The cure is Random Sample Consensus (RANSAC), published by Martin Fischler and Robert Bolles at SRI International in 1981 to solve the location determination problem: figure out where a camera stood given landmarks of known position. Their insight was almost rude in its simplicity. Do not trust all the data. Pick a tiny random subset, just four matches, fit an H from them, then count how many of the remaining points that H explains well. Those agreeing points are the inliers. Repeat the gamble many times and keep the H with the largest inlier set. It is non-deterministic, returning a good answer only with some probability, but that probability climbs toward certainty as you allow more iterations.
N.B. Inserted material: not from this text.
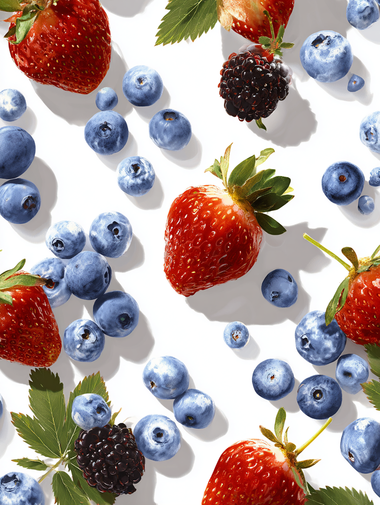 A colorful mix of strawberries, blueberries, and blackberries on a white background, showcasing their vibrant colors and fresh textures.

A scatter plot of points with a clear linear trend plus scattered outliers, with a line fit by RANSAC passing through the dense band of inliers and ignoring the stray points.
RANSAC fitting a line to data laced with outliers. The fit follows the dense band of inliers and simply ignores the strays. The same logic estimates a homography from noisy feature matches. — AlexanderLHayes, CC BY-SA 4.0

Homography versus affine

It helps to place the homography against its simpler cousin, the affine transformation. Affine is what you get when you forbid perspective: a 2×3 matrix, six degrees of freedom, needing only three point correspondences. Crucially, affine maps preserve parallelism, parallel lines stay parallel, which makes them right for gentle rotations, scaling, and shear but wrong for strong perspective.

| Property | Affine | Homography | |---|---|---| | Matrix size | 2×3 (6 DOF) | 3×3 (8 DOF) | | Parallel lines | Preserved | Not preserved | | Best for | Small rotations, modest skew | Strong perspective | | Points needed | 3 | 4 |

The homography is the strictly more powerful map. The moment your scene shows real foreshortening, a road narrowing to the horizon, a document photographed from a low angle, you need those two extra degrees of freedom in the bottom row.

A projective-geometry diagram: a pencil of straight lines radiating from a single point, crossed by two transversal lines, illustrating how a projection maps points along the rays.
Projection in the plane: rays through a center cut transversals at corresponding points. This single picture is the seed of every perspective transformation. — Krishnavedala, CC0

These applications all reduce to "find H, then warp." Document scanners detect paper corners and rectify them to a clean rectangle. Panorama stitchers match overlapping frames and align them. Augmented-reality apps track a flat marker and overlay virtual objects in correct perspective. Sports broadcasts map the camera view onto an overhead pitch diagram to draw offside lines that hug the grass. Different goals, one matrix.

Key takeaways

Three centuries ago, draftsmen learned to make a flat drawing look like a room receding into depth, and called the rule that governed it perspective. Mathematicians later gave it points at infinity and named it a projective transformation. Engineers wrapped it in nine numbers and called it H. It is all the same gesture: the chessboard that tilts but never lies, the panorama that swings true so long as you pivot in place, the document that springs back into a clean rectangle. Drag four corners and you hold, in the palm of one matrix, the oldest trick in the art of seeing.